Set down each line of the data below exactly as it stands, dropping the pictures.

[Supplied material — start]

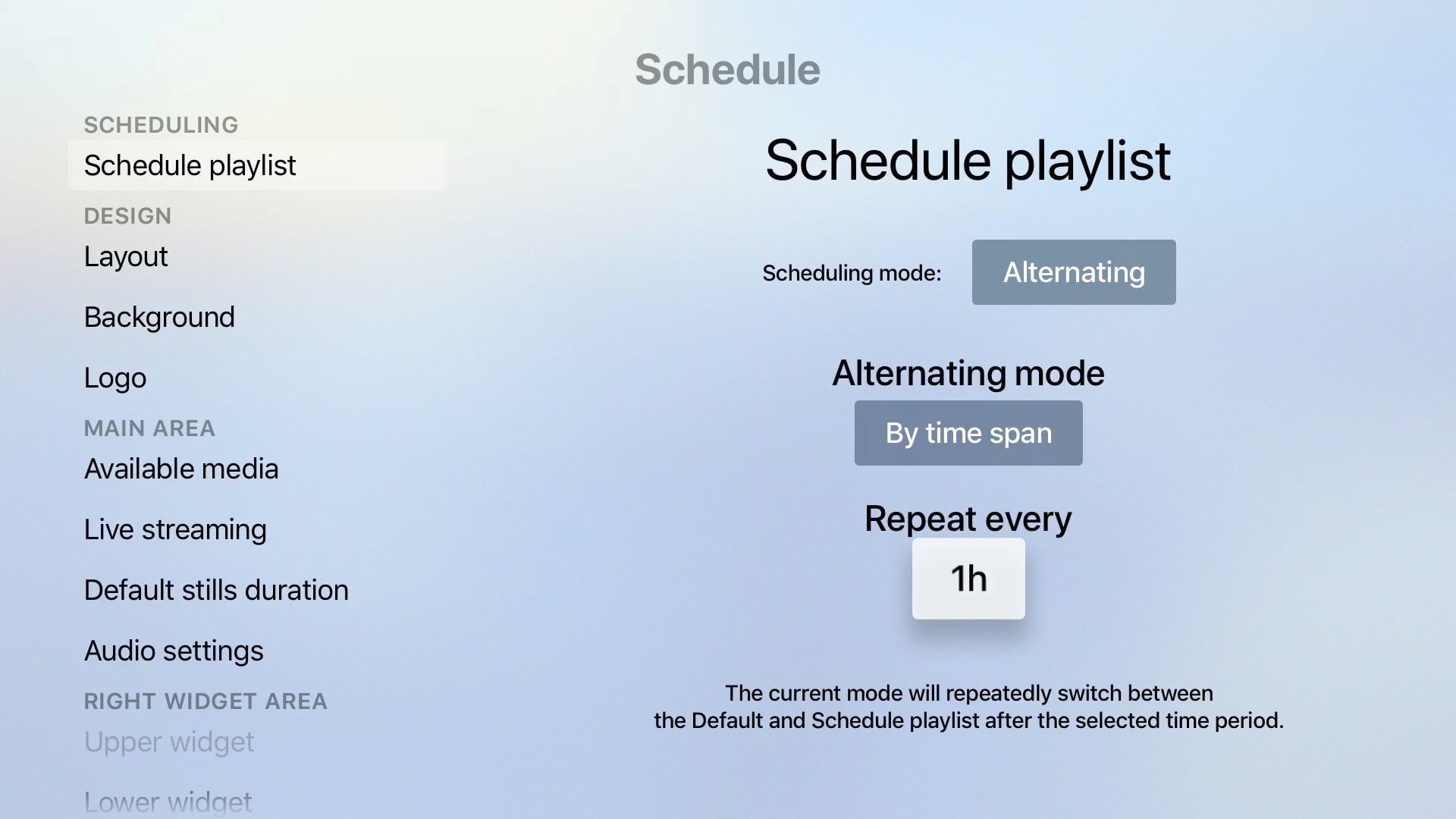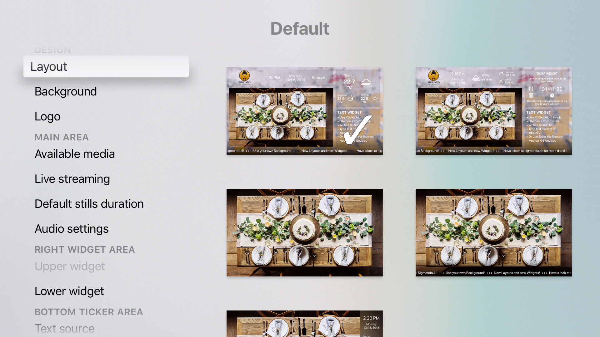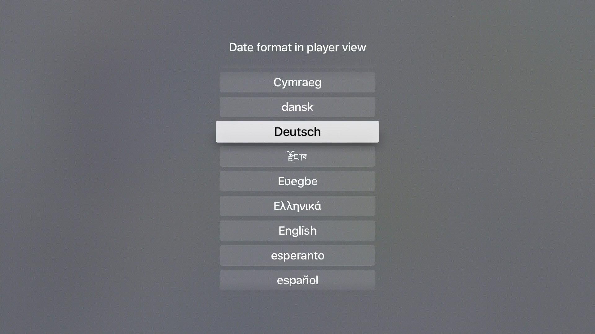 Sigmondo gets your location and language information from the settings of your Apple TV. And it will show the current date and time, your location and weather forecast in that language. This is a really amazing feature!
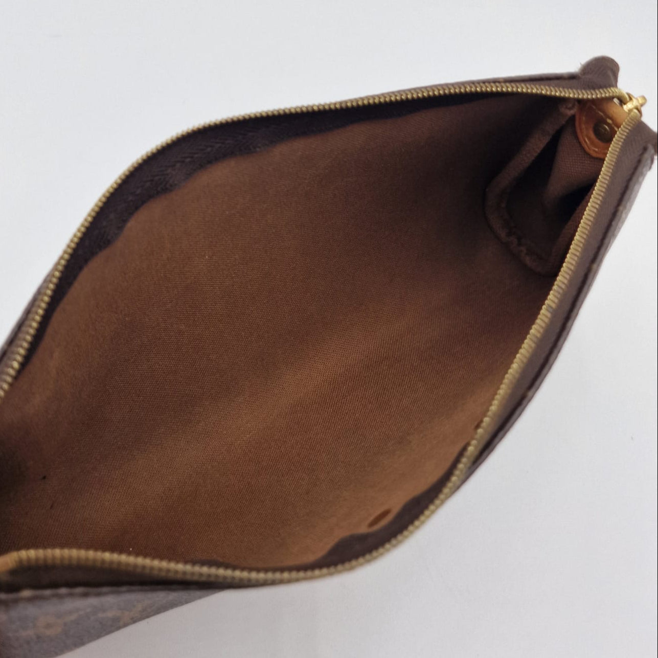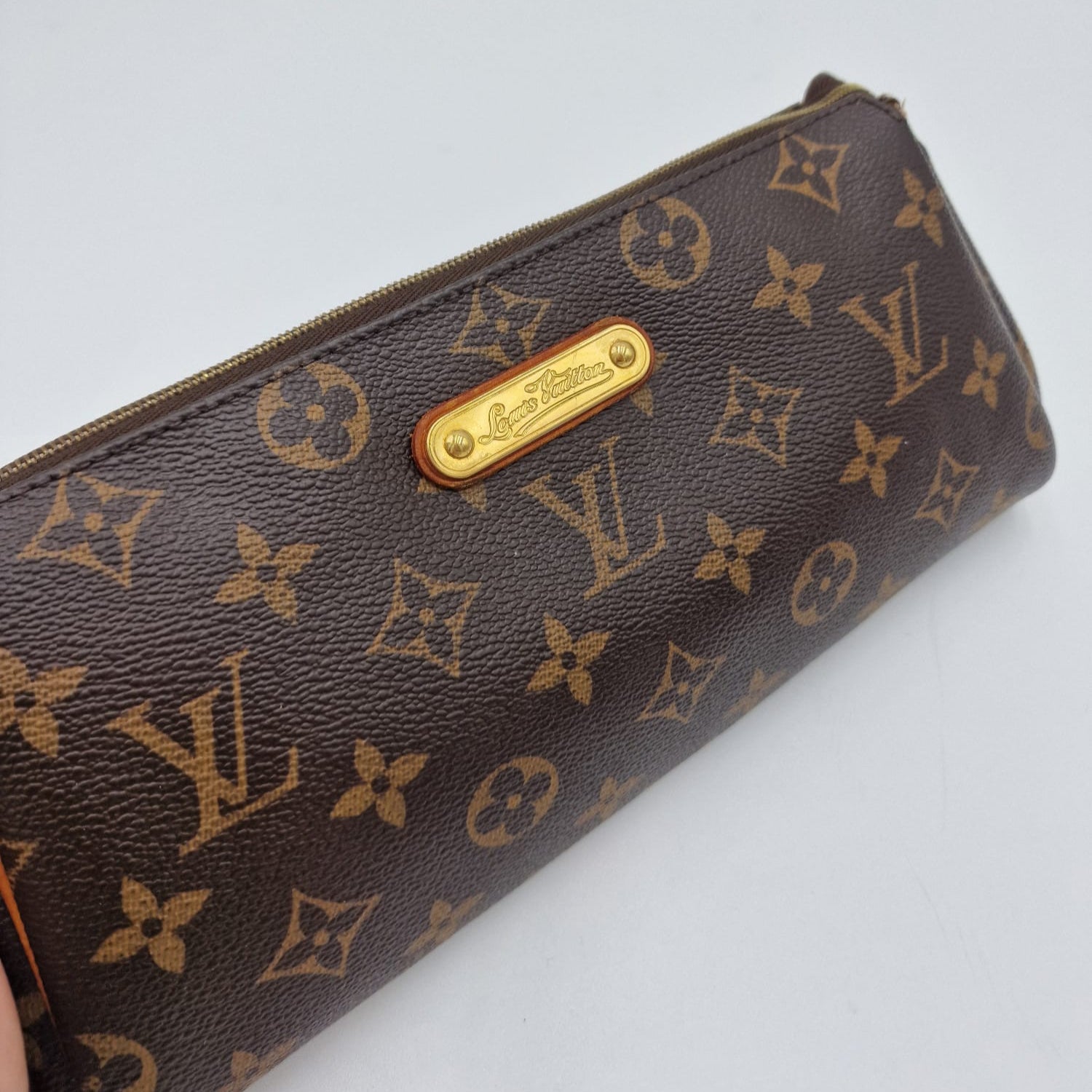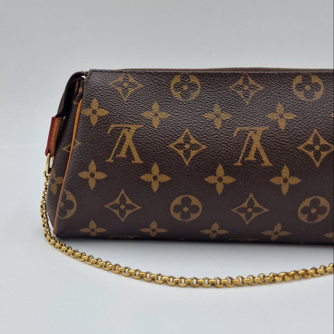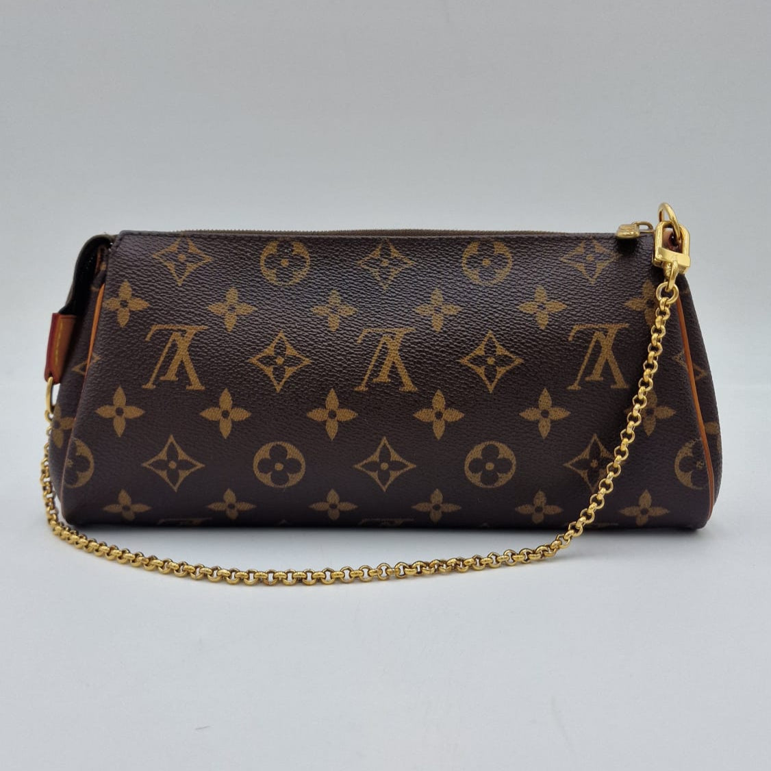 A Louis Vuitton Eva Monogram é uma clutch com corrente dourada em tela monograma, hardware dourado com o logo e uma alça removível em pele. É uma mala versátil, sendo possível utilizar como clutch apenas com a corrente dourada, ou como mala crossbody, com a alça de pele e a corrente como pormenor.
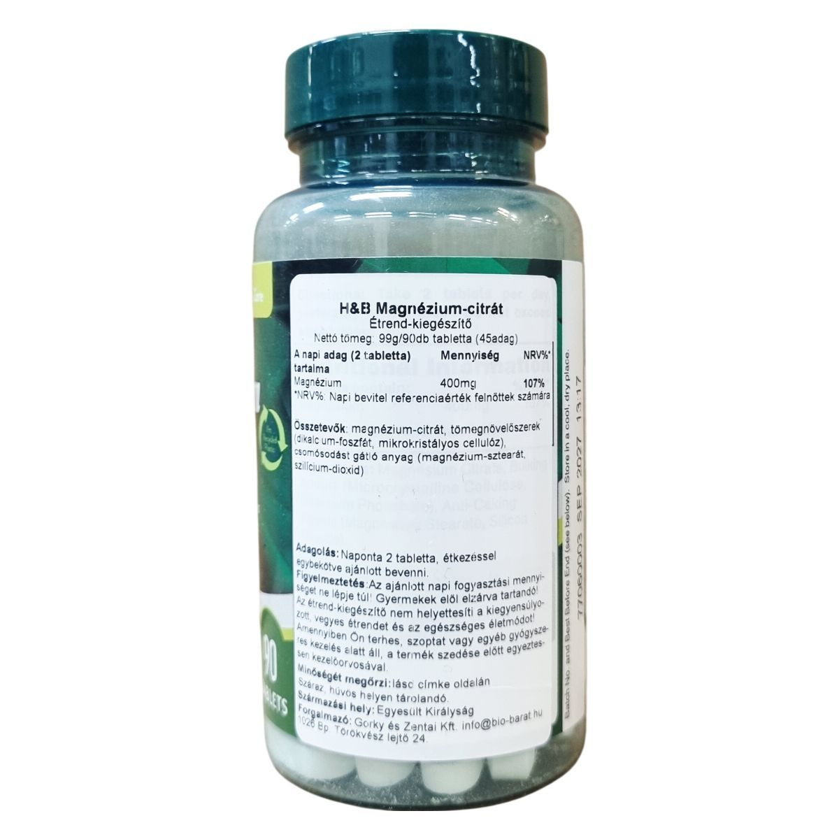 magnézium-citrát, dikalcium-foszfát, mikrokristályos cellulóz, magnézium-sztearát, szilícium-dioxid

[Supplied material — finish]

*Exercise result*.
 Sigmondo gets your location and language information from the settings of your Apple TV. And it will show the current date and time, your location and weather forecast in that language. This is a really amazing feature!
 A Louis Vuitton Eva Monogram é uma clutch com corrente dourada em tela monograma, hardware dourado com o logo e uma alça removível em pele. É uma mala versátil, sendo possível utilizar como clutch apenas com a corrente dourada, ou como mala crossbody, com a alça de pele e a corrente como pormenor.
 magnézium-citrát, dikalcium-foszfát, mikrokristályos cellulóz, magnézium-sztearát, szilícium-dioxid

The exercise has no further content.